*** Material provided Section Begins ***
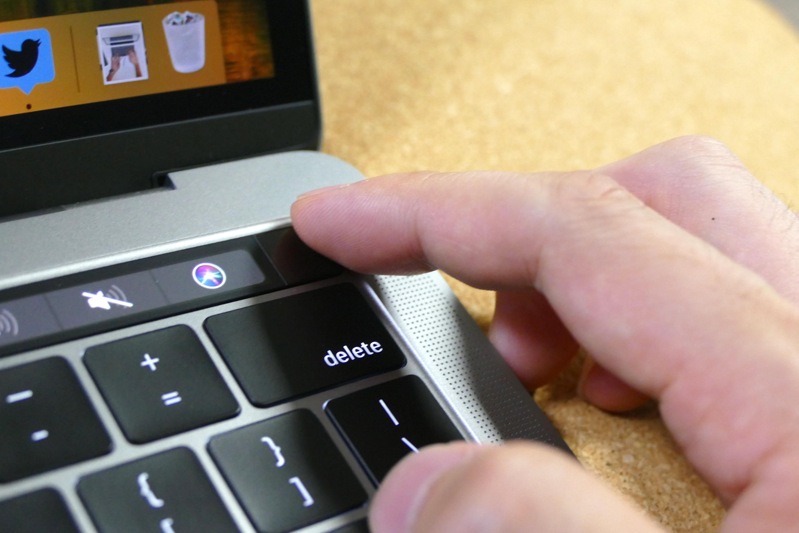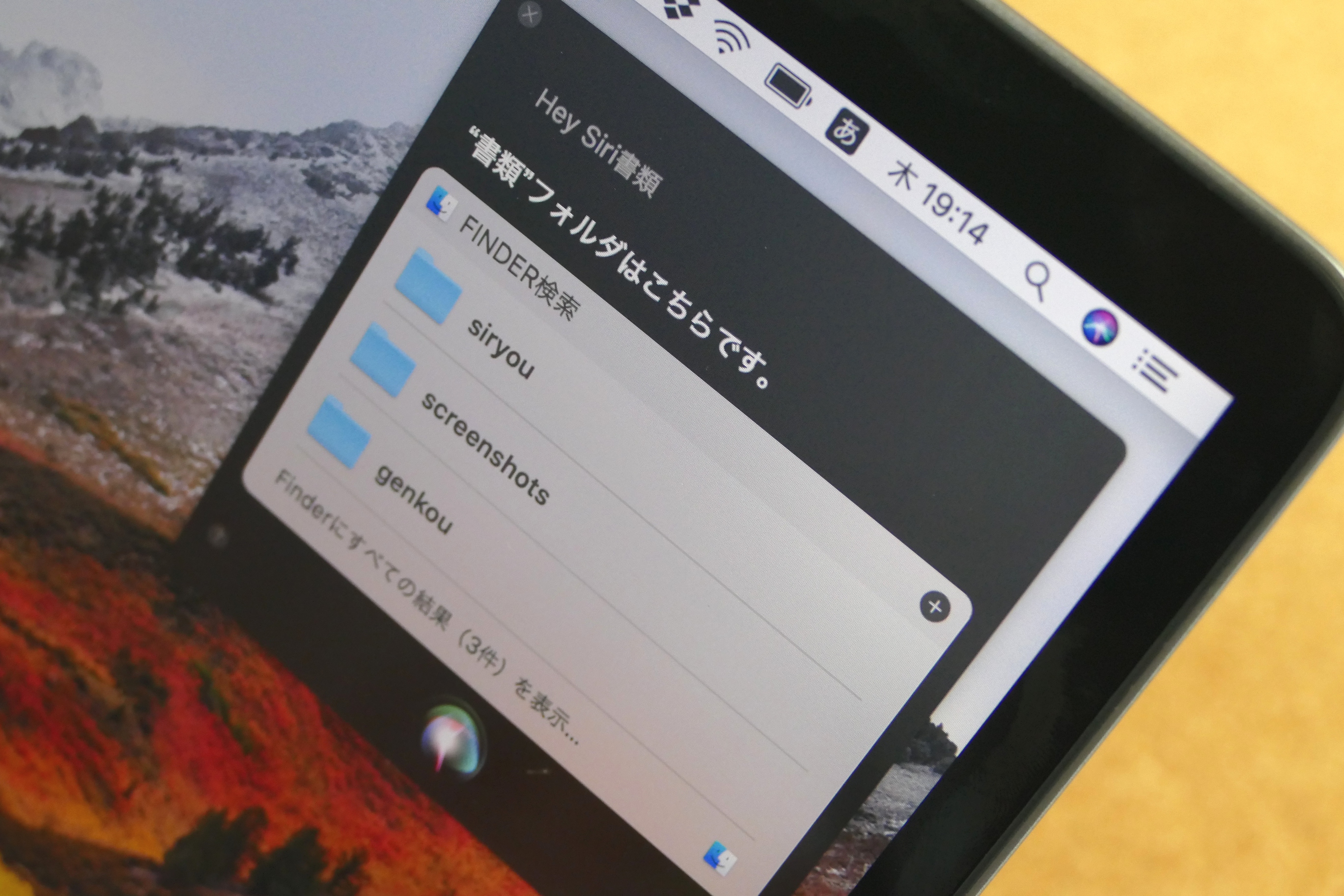 「あれ、あのフォルダどこだっけ?」と探す作業では、結構な時間を浪費してしまうもの。そこでSiriに手伝ってもらうのが、イマドキなやり方です。Touch Barの右端には、Siriボタンが表示されていて、これをタップするとSiriが起動します。
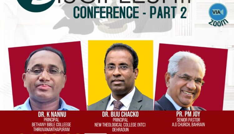 ഒക്ടോബർ 2 മുതൽ 4 വരെ ഡിസൈപ്പിൾഷിപ്പ് കോൺഫറൻസ് പാർട്ട് 1 നടത്തിയിരുന്നു ദിവസവും ഇന്ത്യൻ സമയം രാത്രി 8 മുതൽ 10 വരെ നടക്കുന്ന മീറ്റിംഗുകളിൽ തിരുവനന്തപുരം ബഥനി ബൈബിൾ കോളേജ് പ്രിൻസിപ്പാൾ ഡോ. കെ. നന്നു, ഡറാഡൂൺ ന്യൂ തിയോളജിക്കൽ കോളേജ് പ്രിൻസിപ്പാൾ ഡോ.ബിജു ചാക്കോ, എ.ജിബഹ്റിൻ സഭയുടെ സീനിയർ ശുശ്രുഷകനായ പാസ്റ്റർ പി.എം.ജോയി എന്നിവർ മുഖ്യസന്ദേശങ്ങൾ നല്കും.
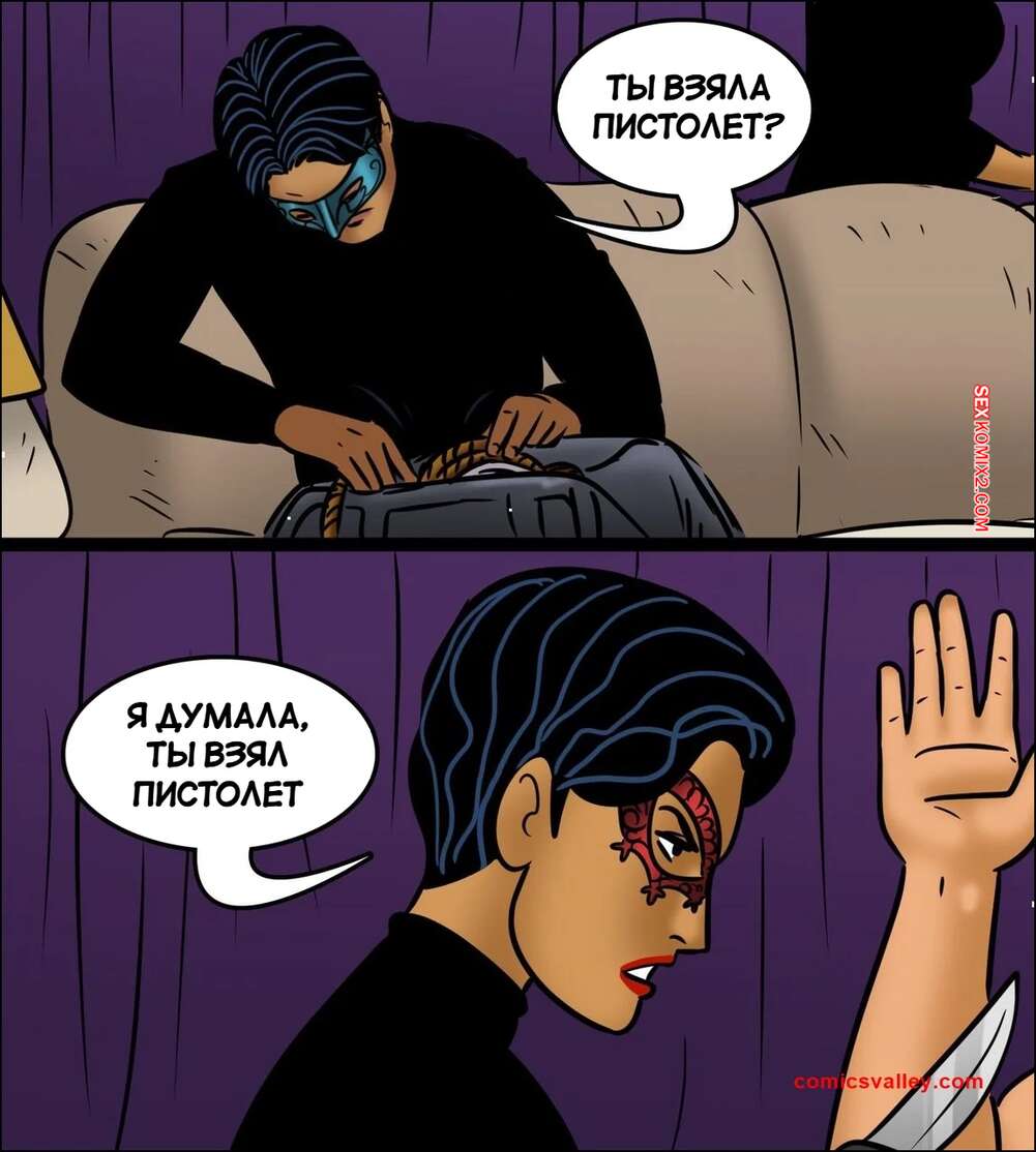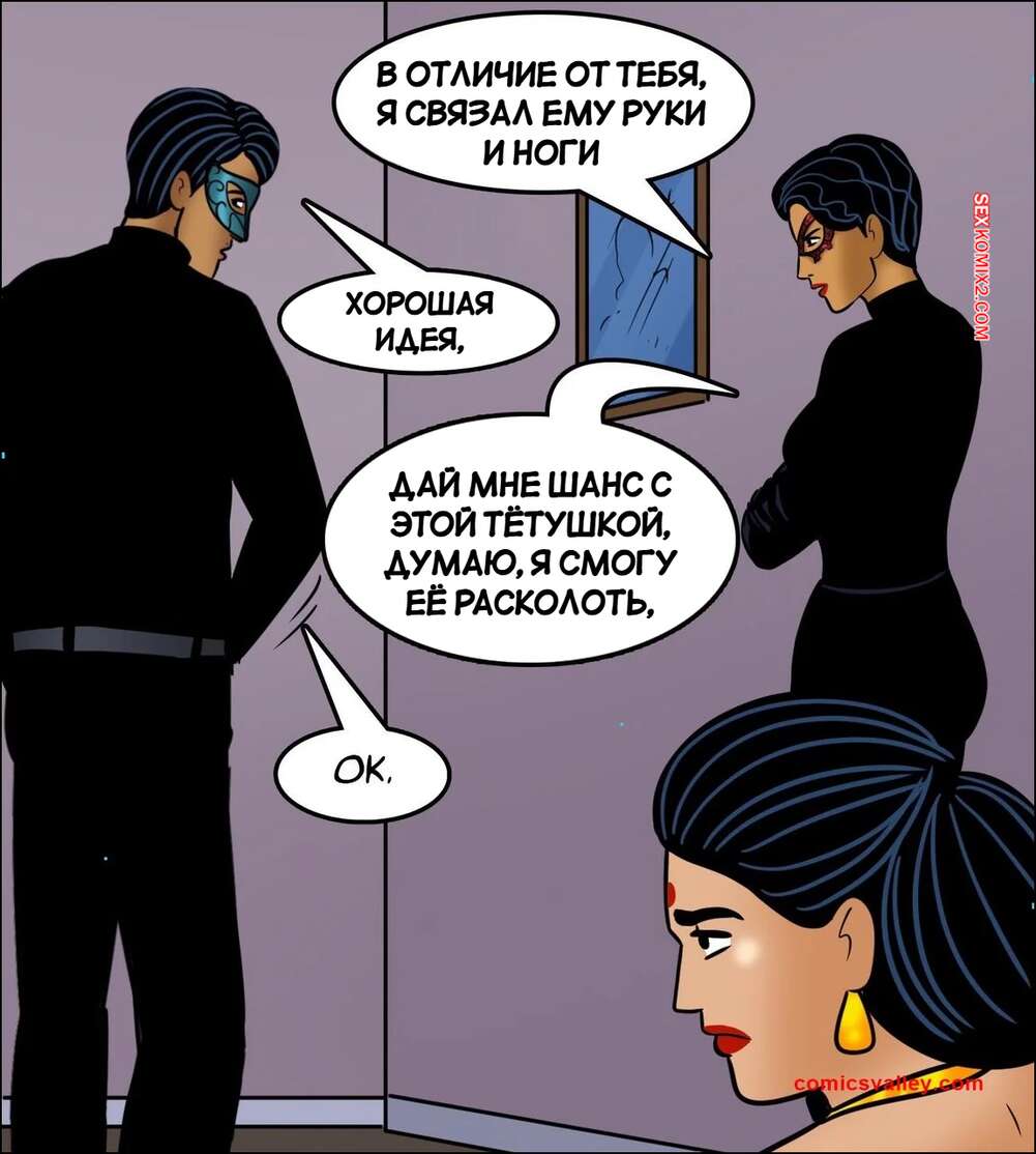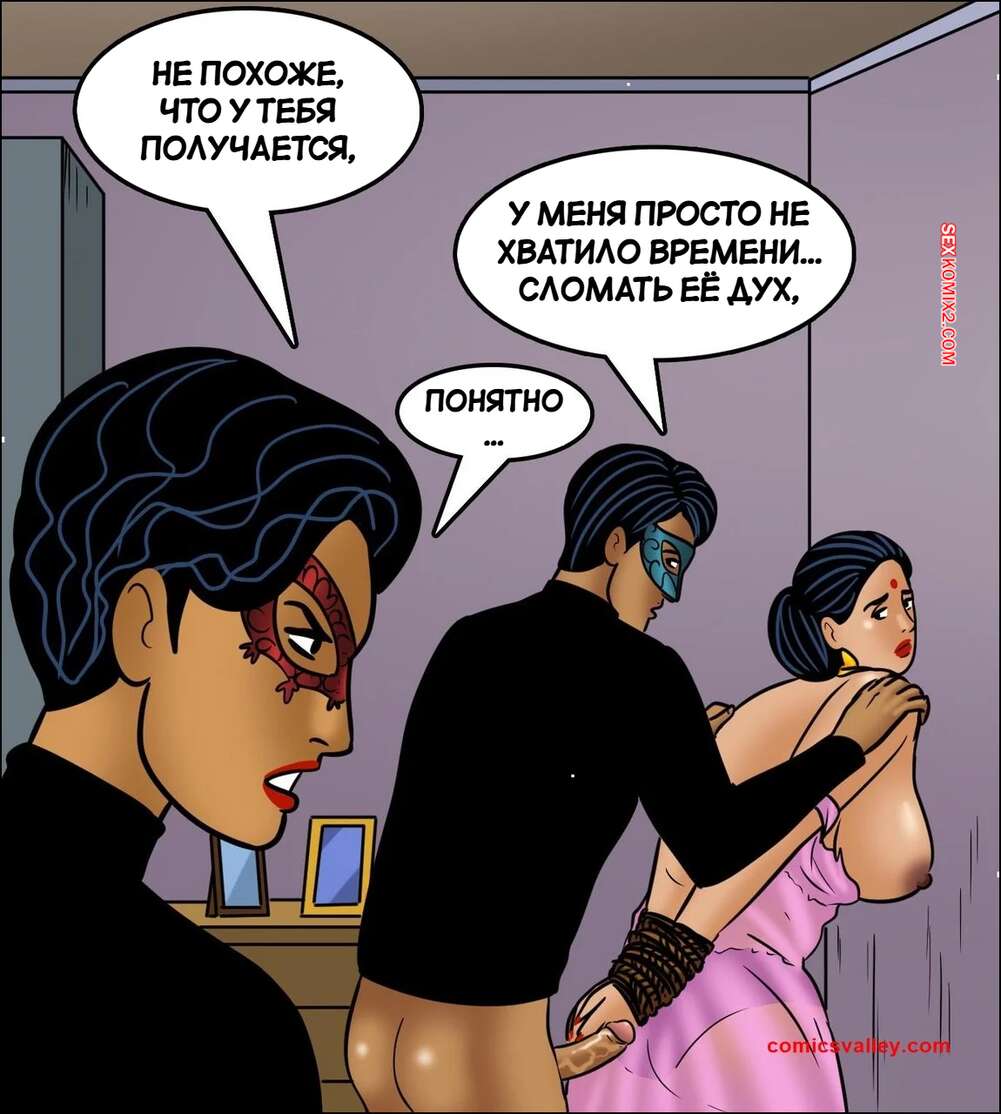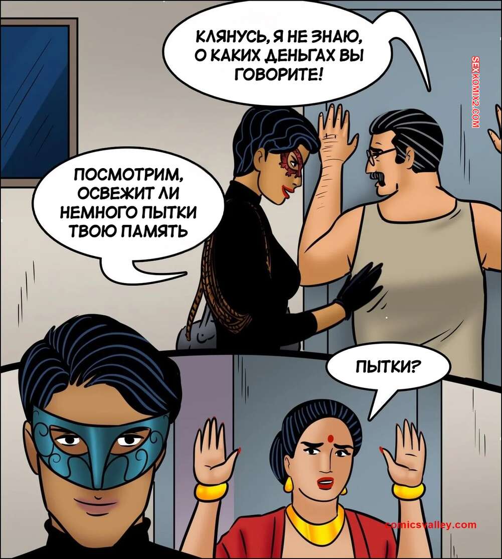 Порно комикс Веламма. Часть 112. Velamma. Velamma В дом Веламмы ворвались грабители и связали ее мужа, а сами уединились с аппетитной милфой. Парень достал член и сунул ей член в ротик, после чего к ним присоединилась его напарница, чтобы устроить групповуху.
*** Material provided Section Ends ***
* _What you need to do_
Return every line above exactly, omitting images.

* _Answer for the task_
 「あれ、あのフォルダどこだっけ?」と探す作業では、結構な時間を浪費してしまうもの。そこでSiriに手伝ってもらうのが、イマドキなやり方です。Touch Barの右端には、Siriボタンが表示されていて、これをタップするとSiriが起動します。
 ഒക്ടോബർ 2 മുതൽ 4 വരെ ഡിസൈപ്പിൾഷിപ്പ് കോൺഫറൻസ് പാർട്ട് 1 നടത്തിയിരുന്നു ദിവസവും ഇന്ത്യൻ സമയം രാത്രി 8 മുതൽ 10 വരെ നടക്കുന്ന മീറ്റിംഗുകളിൽ തിരുവനന്തപുരം ബഥനി ബൈബിൾ കോളേജ് പ്രിൻസിപ്പാൾ ഡോ. കെ. നന്നു, ഡറാഡൂൺ ന്യൂ തിയോളജിക്കൽ കോളേജ് പ്രിൻസിപ്പാൾ ഡോ.ബിജു ചാക്കോ, എ.ജിബഹ്റിൻ സഭയുടെ സീനിയർ ശുശ്രുഷകനായ പാസ്റ്റർ പി.എം.ജോയി എന്നിവർ മുഖ്യസന്ദേശങ്ങൾ നല്കും.
 Порно комикс Веламма. Часть 112. Velamma. Velamma В дом Веламмы ворвались грабители и связали ее мужа, а сами уединились с аппетитной милфой. Парень достал член и сунул ей член в ротик, после чего к ним присоединилась его напарница, чтобы устроить групповуху.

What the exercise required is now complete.